Lynn Harriette Cohen (née Kay; August 10, 1933 – February 14, 2020) was an American actress known for her roles in film, television and theater. She was especially known for her role as Magda in the HBO series Sex and the City, which she also played in the 2008 film of the same name and its 2010 sequel, and for portraying Mags in The Hunger Games: Catching Fire.

Early life
The daughter of Louis Kay and Bertha Cornsweet Kay, Lynn Harriette Kay was born in Kansas City, Missouri, to a Jewish family. She studied for a year each at the University of Wisconsin and Northwestern University, after which she moved to St. Louis, where she began acting in regional theater.

Career
Cohen began her career in the 1970s appearing in Off-Broadway productions, receiving Drama League Award and Lucille Lortel Awards nominations.
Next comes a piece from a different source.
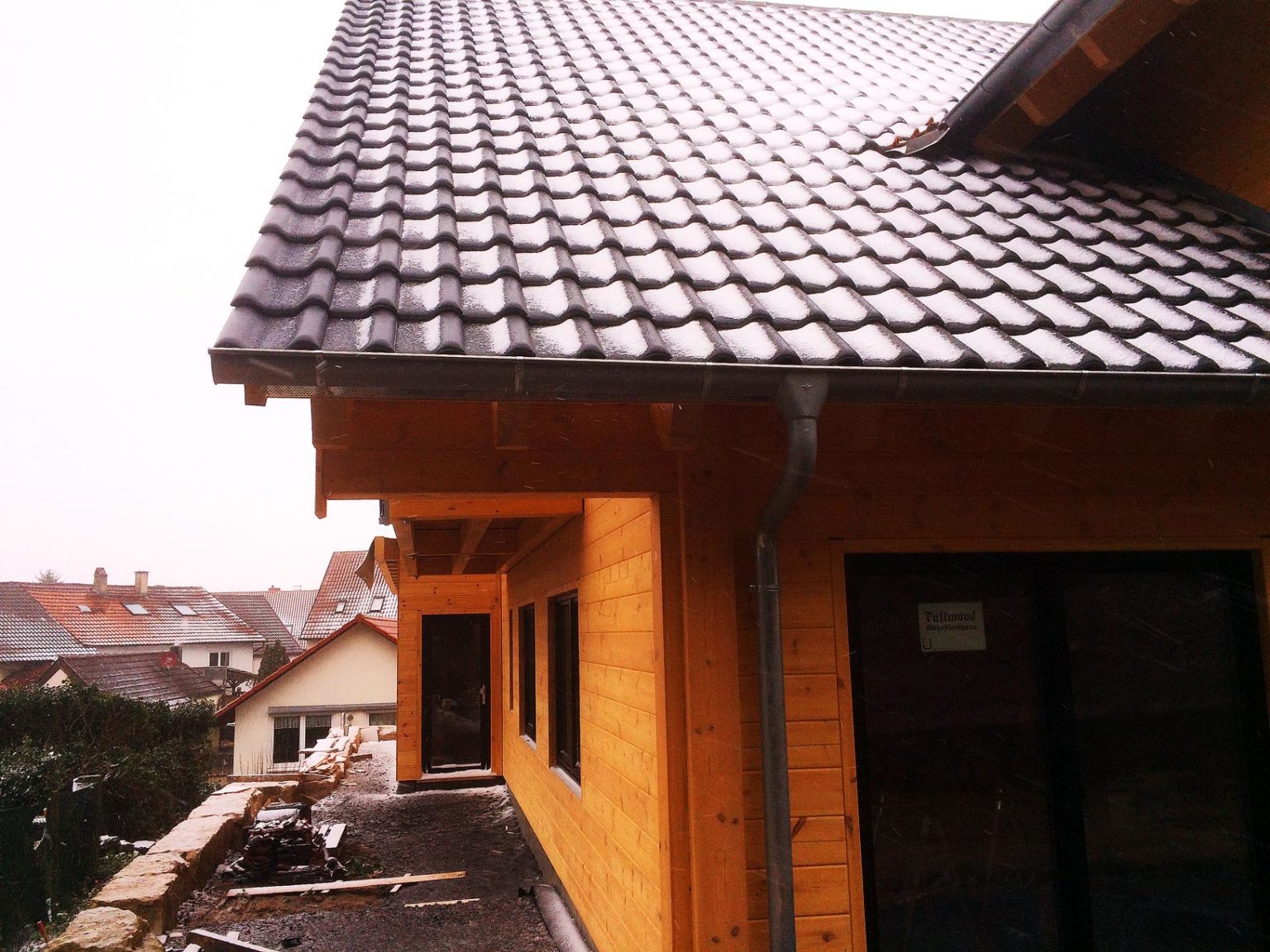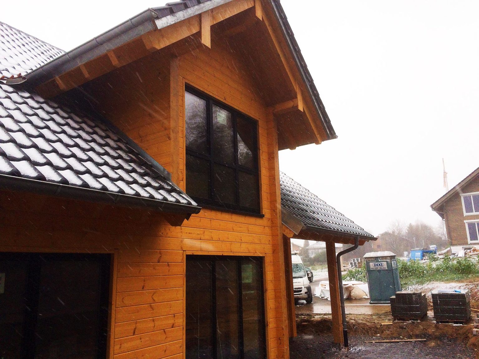 Mit Hilfe des Fullwood-Richtmeisters wird dieses massive Blockhaus, trotz ungünstiger Wetterverhältnisse, in wenigen Tagen von den Bauherren aufgebaut. Auch eine Garage wird gleich mit ans Blockhaus gebaut. Mittlerweile ist das Blockhaus rundum dicht, besitzt Dach, Türen und Fenster, so dass die Ausbauarbeiten komfortabel und „bequem“ im Trockenen durchgeführt werden können. Dafür engagieren die Bauherren örtliche Fachhandwerksbetriebe. Schon im Frühjahr kann die Eigentümerfamilie einziehen.

Notable credits include Hamlet starring Kevin Kline and Macbeth starring Liev Schreiber.  On Broadway, Cohen appeared in Orpheus Descending starring Vanessa Redgrave (1989) and Ivanov, reuniting her with Kevin Kline (1994).
 
Cohen consistently played powerful, impressive women. Her first notable film role was in the 1993 comedy Manhattan Murder Mystery. From 1993 to 2006, she played Judge Elizabeth Mizener in the NBC drama series Law & Order, appearing in a total of 12 episodes. She also guest-starred on NYPD Blue, Law & Order: Special Victims Unit, Law & Order: Criminal Intent, Blue Bloods, and had a recurring role on Damages.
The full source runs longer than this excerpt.